EP and live album by Maren Morris
- Released: May 8, 2020
- Recorded: March 9, 2019
- Venue: Riviera Theatre (Chicago, Illinois)
- Label: Sony Nashville

Maren Morris chronology
| Maren Morris: Reimagined (2019) | Maren Morris Live from Chicago (2020) | Humble Quest (2022) |

= Maren Morris Live from Chicago =

Maren Morris Live from Chicago is third extended play (EP) by American singer and songwriter Maren Morris. It was released on May 8, 2020, via Sony Music Nashville.
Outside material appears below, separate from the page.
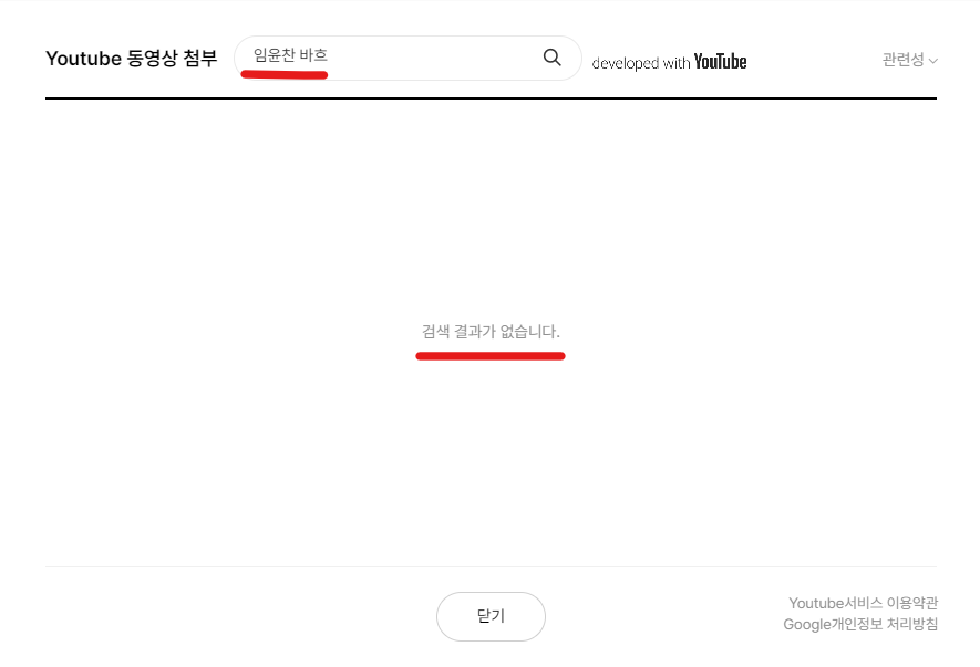 새로운 편집 창이 열리고 유튜브 콘텐츠를 제목이나 주소로 검색하면 해당 영상이 리스트에 나오게 된다. 그러나 얼마전까지 잘 되었는데, 최근에 시도해 보면 아래와 같이 검색 결과가 없다는 안내가 나온다. 피아니스트 임윤찬의 바흐 영상이 없을리가 있는가?

Recorded during the opening night of the Girl: The World Tour, the EP captures live performances from Morris's March 9, 2019, concert at the Riviera Theatre in Chicago.

Released after the tour was interrupted by the COVID-19 pandemic, Maren Morris Live from Chicago was intended to give fans a live concert experience while in-person performances were suspended. It features four songs from her second studio album, Girl (2019), including the singles "Girl" and "The Bones".

==Background==
Morris first garnered commercial success with her 2016 single "My Church", which became a top ten country song. In the singles and albums that followed, she mixed country music with pop, R&B and rock that helped bring crossover success to her career. In 2019, her second studio album was released, titled Girl, and was followed by a corresponding world tour.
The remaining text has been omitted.